On a normal day, Majken Friss Jorgensen, managing director of Copenhagen’s biggest limousine company, says her firm has twelve vehicles on the road. During the “summit to save the world”, which opens here tomorrow, she will have 200.

“We thought they were not going to have many cars, due to it being a climate convention,” she says…

We haven’t got enough limos in the country to fulfil the demand,” she says. “We’re having to drive them in hundreds of miles from Germany and Sweden.”

And the total number of electric cars or hybrids among that number? “Five,” says Ms Jorgensen…

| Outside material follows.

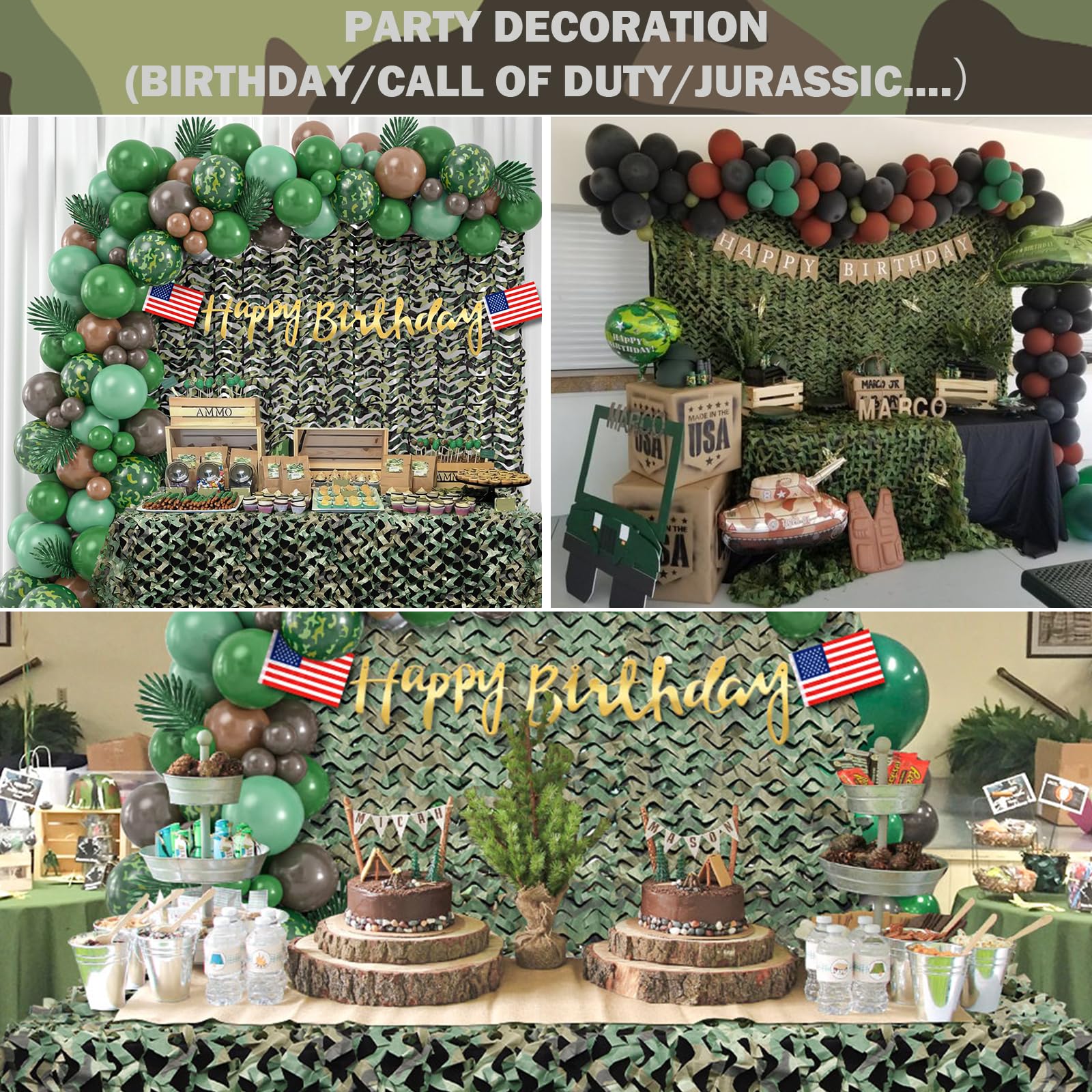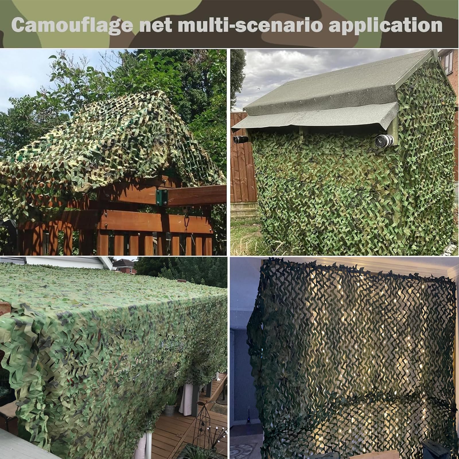 - Applicable Scenarios: Camo netting comes in a variety of colors and sizes, perfect for jungle theme decorations,military party decorations, hunting, house decoration, fencing, roof shade, camping, movie sets, bird watching, CS games, camo car covering etc. You are only limited by your imagination

The airport says it is expecting up to 140 extra private jets during the peak period alone, so far over its capacity that the planes will have to fly off to regional airports – or to Sweden – to park, returning to Copenhagen to pick up their VIP passengers.

The top hotels – all fully booked at £650 a night – are readying their Climate Convention menus of (no doubt sustainable) scallops, foie gras and sculpted caviar wedges

As Glenn Reynolds says, I’ll believe it’s a crisis when the people who tell me it’s a crisis start acting like it’s a crisis.